#### YOUR TASK:
Could you copy out every line of the data where the word "this" occurs?
=== RECORDS FOR PROCESSING ===
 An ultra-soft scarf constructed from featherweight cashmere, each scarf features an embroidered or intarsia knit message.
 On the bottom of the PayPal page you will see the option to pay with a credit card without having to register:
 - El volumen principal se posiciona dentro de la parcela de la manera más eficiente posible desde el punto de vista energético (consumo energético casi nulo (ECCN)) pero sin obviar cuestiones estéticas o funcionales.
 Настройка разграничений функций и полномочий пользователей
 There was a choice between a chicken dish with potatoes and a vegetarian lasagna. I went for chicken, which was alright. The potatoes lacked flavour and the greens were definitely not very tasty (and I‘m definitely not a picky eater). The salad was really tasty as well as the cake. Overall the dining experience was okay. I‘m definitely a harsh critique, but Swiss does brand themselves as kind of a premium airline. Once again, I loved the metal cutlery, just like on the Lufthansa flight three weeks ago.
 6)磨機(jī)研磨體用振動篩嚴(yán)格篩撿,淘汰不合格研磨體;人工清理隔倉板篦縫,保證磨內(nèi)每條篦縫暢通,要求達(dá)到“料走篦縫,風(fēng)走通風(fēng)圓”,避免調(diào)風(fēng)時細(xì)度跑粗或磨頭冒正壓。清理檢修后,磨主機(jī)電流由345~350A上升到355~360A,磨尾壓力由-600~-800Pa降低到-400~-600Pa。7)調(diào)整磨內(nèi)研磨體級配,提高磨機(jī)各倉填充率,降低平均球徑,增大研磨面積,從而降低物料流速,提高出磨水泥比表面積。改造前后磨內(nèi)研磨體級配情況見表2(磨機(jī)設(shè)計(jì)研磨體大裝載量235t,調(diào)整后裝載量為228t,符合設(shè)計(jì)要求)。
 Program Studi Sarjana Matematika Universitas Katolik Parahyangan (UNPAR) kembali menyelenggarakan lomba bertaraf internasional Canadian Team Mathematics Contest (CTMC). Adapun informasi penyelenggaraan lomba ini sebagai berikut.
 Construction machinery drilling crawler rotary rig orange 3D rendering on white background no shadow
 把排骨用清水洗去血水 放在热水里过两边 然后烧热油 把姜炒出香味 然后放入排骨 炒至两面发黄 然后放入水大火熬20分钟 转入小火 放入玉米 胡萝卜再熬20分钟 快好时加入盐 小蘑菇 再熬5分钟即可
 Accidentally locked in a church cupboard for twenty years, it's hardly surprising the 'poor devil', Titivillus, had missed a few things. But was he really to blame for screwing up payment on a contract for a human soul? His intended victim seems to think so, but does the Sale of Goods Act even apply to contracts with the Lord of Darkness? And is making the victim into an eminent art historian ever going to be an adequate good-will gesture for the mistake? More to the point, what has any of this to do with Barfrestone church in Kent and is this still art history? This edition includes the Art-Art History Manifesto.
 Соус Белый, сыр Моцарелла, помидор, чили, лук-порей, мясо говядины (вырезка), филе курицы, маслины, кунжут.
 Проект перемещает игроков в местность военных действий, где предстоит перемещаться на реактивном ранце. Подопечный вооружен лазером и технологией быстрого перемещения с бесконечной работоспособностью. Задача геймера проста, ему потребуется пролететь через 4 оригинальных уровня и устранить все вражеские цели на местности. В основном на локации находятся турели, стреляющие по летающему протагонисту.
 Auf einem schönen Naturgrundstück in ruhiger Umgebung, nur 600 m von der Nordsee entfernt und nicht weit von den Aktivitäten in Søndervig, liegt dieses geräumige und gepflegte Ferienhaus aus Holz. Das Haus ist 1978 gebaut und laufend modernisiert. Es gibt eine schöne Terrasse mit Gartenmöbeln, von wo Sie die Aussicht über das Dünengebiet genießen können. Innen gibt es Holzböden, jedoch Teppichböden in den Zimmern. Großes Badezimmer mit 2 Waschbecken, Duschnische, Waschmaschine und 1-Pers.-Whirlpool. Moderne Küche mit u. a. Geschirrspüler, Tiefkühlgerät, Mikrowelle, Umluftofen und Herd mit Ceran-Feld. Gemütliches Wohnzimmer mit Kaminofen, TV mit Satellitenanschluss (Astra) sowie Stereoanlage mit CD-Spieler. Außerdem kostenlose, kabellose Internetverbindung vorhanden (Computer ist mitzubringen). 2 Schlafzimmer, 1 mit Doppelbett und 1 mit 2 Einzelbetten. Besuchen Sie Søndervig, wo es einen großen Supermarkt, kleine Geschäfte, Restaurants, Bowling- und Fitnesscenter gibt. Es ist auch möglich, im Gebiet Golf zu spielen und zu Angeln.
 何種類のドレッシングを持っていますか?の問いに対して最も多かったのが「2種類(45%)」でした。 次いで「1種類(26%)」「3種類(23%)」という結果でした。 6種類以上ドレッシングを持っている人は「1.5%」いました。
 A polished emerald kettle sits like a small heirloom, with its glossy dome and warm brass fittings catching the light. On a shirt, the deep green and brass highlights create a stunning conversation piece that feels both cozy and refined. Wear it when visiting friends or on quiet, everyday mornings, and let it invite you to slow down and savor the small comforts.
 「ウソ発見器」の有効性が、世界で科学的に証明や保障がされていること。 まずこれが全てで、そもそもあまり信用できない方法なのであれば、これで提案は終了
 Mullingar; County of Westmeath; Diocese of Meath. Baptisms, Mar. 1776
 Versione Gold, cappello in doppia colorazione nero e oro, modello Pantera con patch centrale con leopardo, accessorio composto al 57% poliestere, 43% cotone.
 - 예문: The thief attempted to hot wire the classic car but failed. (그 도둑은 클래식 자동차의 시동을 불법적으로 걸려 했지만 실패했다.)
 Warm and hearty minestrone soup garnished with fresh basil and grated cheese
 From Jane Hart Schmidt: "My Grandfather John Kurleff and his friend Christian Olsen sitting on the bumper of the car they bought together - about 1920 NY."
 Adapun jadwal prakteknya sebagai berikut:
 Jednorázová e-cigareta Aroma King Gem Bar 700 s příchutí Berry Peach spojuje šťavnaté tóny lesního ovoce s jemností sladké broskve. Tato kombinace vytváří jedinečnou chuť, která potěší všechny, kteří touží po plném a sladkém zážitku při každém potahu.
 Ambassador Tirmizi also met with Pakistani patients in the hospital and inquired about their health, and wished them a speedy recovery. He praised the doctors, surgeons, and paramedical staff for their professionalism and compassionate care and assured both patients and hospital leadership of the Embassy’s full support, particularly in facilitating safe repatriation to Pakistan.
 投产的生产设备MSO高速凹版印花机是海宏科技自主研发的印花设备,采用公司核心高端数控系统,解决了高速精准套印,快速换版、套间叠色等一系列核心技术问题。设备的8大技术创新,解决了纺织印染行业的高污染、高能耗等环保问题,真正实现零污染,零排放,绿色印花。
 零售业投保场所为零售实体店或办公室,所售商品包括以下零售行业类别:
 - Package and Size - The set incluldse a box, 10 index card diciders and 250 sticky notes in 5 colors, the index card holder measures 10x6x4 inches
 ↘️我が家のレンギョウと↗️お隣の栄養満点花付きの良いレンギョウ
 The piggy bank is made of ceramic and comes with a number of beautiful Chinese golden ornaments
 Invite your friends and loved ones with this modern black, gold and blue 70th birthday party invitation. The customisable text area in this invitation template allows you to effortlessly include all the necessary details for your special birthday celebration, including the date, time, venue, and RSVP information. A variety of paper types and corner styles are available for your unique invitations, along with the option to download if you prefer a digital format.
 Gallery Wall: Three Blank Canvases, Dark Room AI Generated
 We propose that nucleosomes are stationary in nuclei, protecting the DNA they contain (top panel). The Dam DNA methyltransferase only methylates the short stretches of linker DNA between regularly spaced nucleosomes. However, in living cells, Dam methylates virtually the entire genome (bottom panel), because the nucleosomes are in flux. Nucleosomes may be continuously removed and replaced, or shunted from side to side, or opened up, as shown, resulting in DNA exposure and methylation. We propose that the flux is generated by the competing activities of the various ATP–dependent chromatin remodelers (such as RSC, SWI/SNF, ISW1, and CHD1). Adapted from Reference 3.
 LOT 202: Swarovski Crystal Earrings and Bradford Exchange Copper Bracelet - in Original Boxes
===
#### RESPONSE AREA:
 Accidentally locked in a church cupboard for twenty years, it's hardly surprising the 'poor devil', Titivillus, had missed a few things. But was he really to blame for screwing up payment on a contract for a human soul? His intended victim seems to think so, but does the Sale of Goods Act even apply to contracts with the Lord of Darkness? And is making the victim into an eminent art historian ever going to be an adequate good-will gesture for the mistake? More to the point, what has any of this to do with Barfrestone church in Kent and is this still art history? This edition includes the Art-Art History Manifesto.
 Invite your friends and loved ones with this modern black, gold and blue 70th birthday party invitation. The customisable text area in this invitation template allows you to effortlessly include all the necessary details for your special birthday celebration, including the date, time, venue, and RSVP information. A variety of paper types and corner styles are available for your unique invitations, along with the option to download if you prefer a digital format.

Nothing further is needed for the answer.